I concur with the result herein solely under the compulsion of the decision of the Supreme Court in People v. Britton (1935) 4 Cal.2d 622 [52 P.2d 217, 102 A.L.R. 1065], by which we are bound. (Weil v. Weil (1951) 37 Cal.2d 770, 776 [236 P.2d 159].)
*411If we were not limited by that decision and were free to approach the problem as one of first impression, I would prefer to apply the same rule that is applicable in other cases of jury misconduct under Penal Code section 1181, subdivision 3; that rule is that jury misconduct raises a presumption of prejudice which may be.rebutted by proof that the misconduct did not in fact work to the defendant’s detriment and that he suffered no prejudice by reason thereof. (See dissenting opinion in People v. Britton, 4 Cal.2d 622, commencing at p. 623 [52 Cal.Rptr. 217, 102 A.L.R. 1065]; and also see In re Winchester (1960) 53 Cal.2d 528, 534-535 [2 Cal.Rptr. 296, 348 P.2d 904]; People v.
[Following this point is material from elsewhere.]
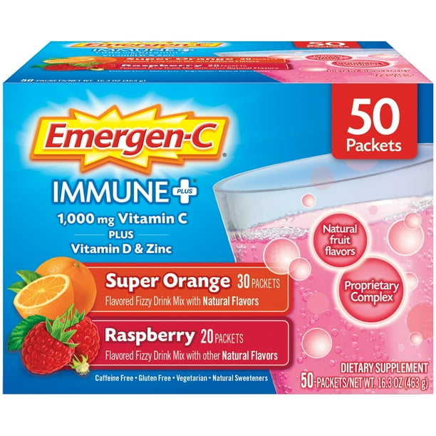 Emergen C Immune 1000mg Vitamin C Powder With Vitamin D Zinc Antioxidants And Electrolytes Immune Support Dietary Supplement Super Orange And Raspberry Flavors 50 Count Walmart Com
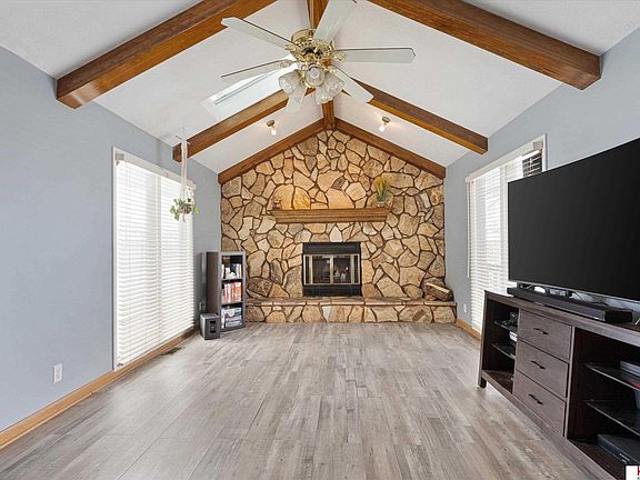 Beautiful East-Facing Multi-level home in Turtle Creek! Offering a large living room with cathedral ceilings, a gorgeous stone fireplace, and newer LVP flooring! On the same level you have a formal dining and cute/efficient galley kitchen. Right off the kitchen is a patio perfect for enjoying meals or time outdoors in the warmer months. The home has been well taken care of with updates such as new LVP flooring on the 2nd level, fresh paint, updated stairs and railings. In addition, the large primary with attached bathroom has a new brand-new vanity. The finished lower level includes a 1/2 bath, laundry, and 500 square feet that can be used to your liking! Backyard is fenced in and includes a storage building and large patio. The furnace is only a couple of years old. This location allows for quick access to schools, grocery, shopping, park, and close by is a golf course!

Cord (1910) 157 Cal. 562, 571 [108 P. 511]; People v. Leary (1895) 105 Cal. 486, 491-494 [39 P. 24].)
I perceive no rational reason why a per se reversal rule should be applied in the factual context of the case at bench which on legal principle is indistinguishable from other situations involving jury misconduct.
Appellant’s petition for a hearing by the Supreme Court was denied February 21, 1974.